Re: [PATCH RFC bpf-next 0/6] bpf: introduce cgroup-bpf bind, connect, post-bind hooks

2018-03-14 Thread David Ahern
On 3/13/18 8:39 PM, Alexei Starovoitov wrote:
> For our container management we've been using complicated and fragile setup
> consisting of LD_PRELOAD wrapper intercepting bind and connect calls from
> all containerized applications.
> The setup involves per-container IPs, policy, etc, so traditional
> network-only solutions that involve VRFs, netns, acls are not applicable.

Why does VRF and the cgroup option to bind sockets to the VRF not solve
this problem for you? The VRF limits the source address choices.
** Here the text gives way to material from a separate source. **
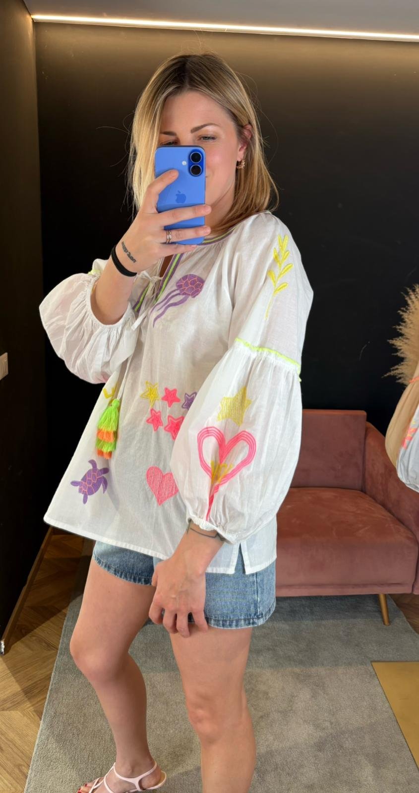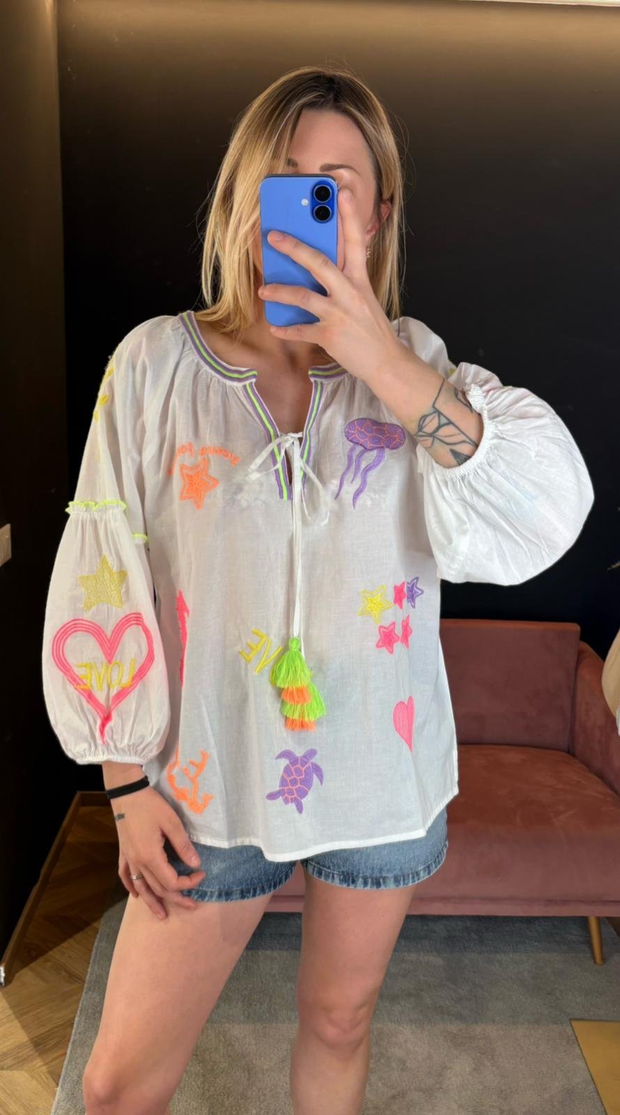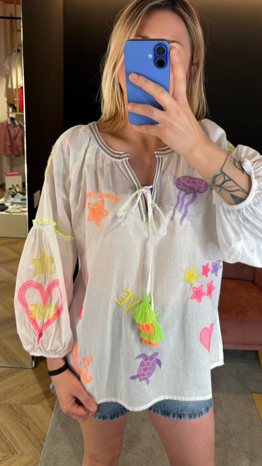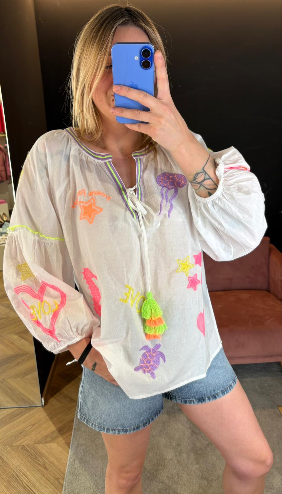 Blusa Ocean Ricamata Multicolor – Tartaruga

[PATCH RFC bpf-next 0/6] bpf: introduce cgroup-bpf bind, connect, post-bind hooks

2018-03-13 Thread Alexei Starovoitov
For our container management we've been using complicated and fragile setup
consisting of LD_PRELOAD wrapper intercepting bind and connect calls from
all containerized applications.
The setup involves per-container IPs, policy, etc, so traditional
network-only solutions that involve VRFs, netns, acls are not applicable.
Changing apps is not possible and LD_PRELOAD doesn't work
for apps that don't use glibc like java and golang.
BPF+cgroup looks to be the best solution for this problem.
Hence we introduce 3 hooks:
- at entry into sys_bind and sys_connect
  to let bpf prog look and modify 'struct sockaddr' provided
  by user space and fail bind/connect when appropriate
- post sys_bind after port is allocated

The approach works great and has zero overhead for anyone who doesn't
use it and very low overhead when deployed.
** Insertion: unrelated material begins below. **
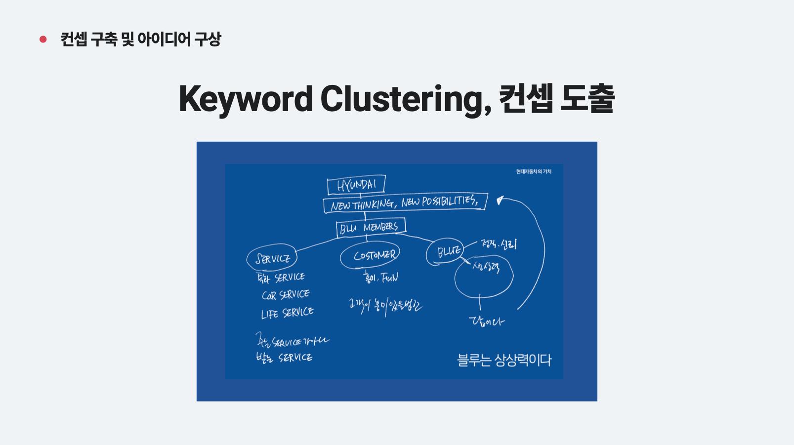 디자인 프로세키워드 클러스터링이라는 용어가 낯설어서 찾아보니 그루핑이었다. 아이디어들을 도출한 후에 유사한 것끼리 묶다 보면 길이 보일 때가 있다. 주변을 정리하듯 생각도 정리하는 습관을 들일 필요성이 있어 보인다.

The main question for Daniel and Dave is what approach to take
with prog types...

In this patch set we introduce 6 new program types to make user
experience easier:
  BPF_PROG_TYPE_CGROUP_INET4_BIND,
  BPF_PROG_TYPE_CGROUP_INET6_BIND,
  BPF_PROG_TYPE_CGROUP_INET4_CONNECT,
  BPF_PROG_TYPE_CGROUP_INET6_CONNECT,
  BPF_PROG_TYPE_CGROUP_INET4_POST_BIND,
  BPF_PROG_TYPE_CGROUP_INET6_POST_BIND,

since v4 programs should not be using 'struct bpf_sock_addr'->user_ip6 fields
and different prog type for v4 and v6 helps verifier reject such access
at load time.
Similarly bind vs connect are two different prog types too,
since only sys_connect programs can call new bpf_bind() helper.

This approach is very different from tcp-bpf where single
'struct bpf_sock_ops' and single prog type is used for different hooks.
The field checks are done at run-time instead of load time.

I think the approach taken by this patch set is justified,
but we may do better if we extend BPF_PROG_ATTACH cmd
with log_buf + log_size, then we should be able to combine
bind+connect+v4+v6 into single program type.
The idea that at load time the verifier will remember a bitmask
of fields in bpf_sock_addr used by the program and helpers
that program used, then at attach time we can check that
hook is compatible with features used by the program and
report human readable error message back via log_buf.
We cannot do this right now with just EINVAL, since combinations
of errors like 'using user_ip6 field but attaching to v4 hook'
are too high to express as errno.
This would be bigger change. If you folks think it's worth it
we can go with this approach or if you think 6 new prog types
is not too bad, we can leave the patch as-is.
Comments?
Other comments on patches are welcome.

Andrey Ignatov (6):
  bpf: Hooks for sys_bind
  selftests/bpf: Selftest for sys_bind hooks
  net: Introduce __inet_bind() and __inet6_bind
  bpf: Hooks for sys_connect
  selftests/bpf: Selftest for sys_connect hooks
  bpf: Post-hooks for sys_bind

 include/linux/bpf-cgroup.h|  68 +++-
 include/linux/bpf_types.h |   6 +
 include/linux/filter.h|  10 +
 include/net/inet_common.h |   2 +
 include/net/ipv6.h|   2 +
 include/net/sock.h|   3 +
 include/net/udp.h |   1 +
 include/uapi/linux/bpf.h  |  52 ++-
 kernel/bpf/cgroup.c   |  36 ++
 kernel/bpf/syscall.c  |  42 ++
 kernel/bpf/verifier.c |   6 +
 net/core/filter.c | 479 ++-
 net/ipv4/af_inet.c|  60 ++-
 net/ipv4/tcp_ipv4.c   |  16 +
 net/ipv4/udp.c|  14 +
 net/ipv6/af_inet6.c   |  47 ++-
 net/ipv6/tcp_ipv6.c   |  16 +
 net/ipv6/udp.c|  20 +
 tools/include/uapi/linux/bpf.h|  39 +-
 tools/testing/selftests/bpf/Makefile  |   8 +-
 tools/testing/selftests/bpf/bpf_helpers.h |   2 +
 tools/testing/selftests/bpf/connect4_prog.c   |  45 +++
 tools/testing/selftests/bpf/connect6_prog.c   |  61 +++
 tools/testing/selftests/bpf/test_sock_addr.c  | 541 ++
 tools/testing/selftests/bpf/test_sock_addr.sh |  57 +++
 25 files changed, 1580 insertions(+), 53 deletions(-)
 create mode 100644 tools/testing/selftests/bpf/connect4_prog.c
 create mode 100644 tools/testing/selftests/bpf/connect6_prog.c
 create mode 100644 tools/testing/selftests/bpf/test_sock_addr.c
 create mode 100755 tools/testing/selftests/bpf/test_sock_addr.sh

-- 
2.9.5